Seventy-five years ago yesterday Brown Chapel’s organ billowed with notes true and warm, with sounds deep and resonant as one young college student named Annie played her best, her fingers raced along the keys, her feet padded the many pedals in time. The music emerged and filled the space. The music swelled and rose, the music dived and dipped. The music hit its mark of the tender human heart. More powerful than fighter planes, more durable than artillery fire and more lasting than the shock waves of war’s vengeful madness. Annie played and John heard. God’s call to service could be heard in and through the music of Rheinberger, Mozart and Sibelius.

FlagSeventy-five years ago yesterday, the winding way up from Main Street towards Brown Chapel snaked in front of John Glenn as he drove to Annie’s organ recital. The radio played music and John listened. The music cut out and the news came, America was at war, Japan had attacked Pearl Harbor.

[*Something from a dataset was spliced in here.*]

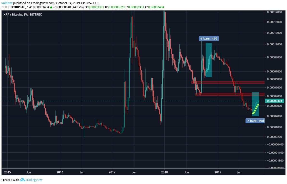 In early September, the XRP price reached an almost two year low of 4233 satoshis. Since then, it has been on an upward trend.

When John walked into Brown Chapel 75 years ago yesterday, his heart was troubled—the gravity of that day’s news beckoned him towards a grim and determined reality. When he slid into the pew for what should have been a moment of celebration and excitement, he felt the uncertainty and the trepidation that so many Americans felt that day. God did not leave John to wallow in trepidation and uncertainty. The music Annie played reached him and nudged him, “Be Still My Soul,” the notes carried these words to a place deep within John that had been nurtured, formed and shaped on the sloping hills of Muskingum.

Seventy-five years ago yesterday Annie played the organ and a call to service came with a mysterious peace and a calming clarity. The events of that day bears witness to the most important education that any one of us could ever hope to receive—the learning of what to do when evil strikes and so much is at stake.

John said it best when he turned to Annie after the service and said “I have to go.” John remembers holding her hand with tears in her eyes as he spoke these words.

Seventy-five years ago yesterday two people in love stilled the raging waters of separation and the reality of war by choosing to serve, by believing that this tiny, small, schoolhouse on the hill had prepared them to move mountains, to overcome their struggles, and to endure in the face of tragedy set before them.

Seventy-five years ago yesterday in this space God spoke and John and Annie listened, for in this spot the eternal nagging question of who shall we be and what shall we do was so beautifully answered, so steadfastly pursued, so unwaveringly sought—this son and this daughter of New Concord set out that day to love, to inspire, and to serve.

And now 75 years and a day later, we each of us this day hear the echoing strain of two lives so profoundly well-lived. Amen.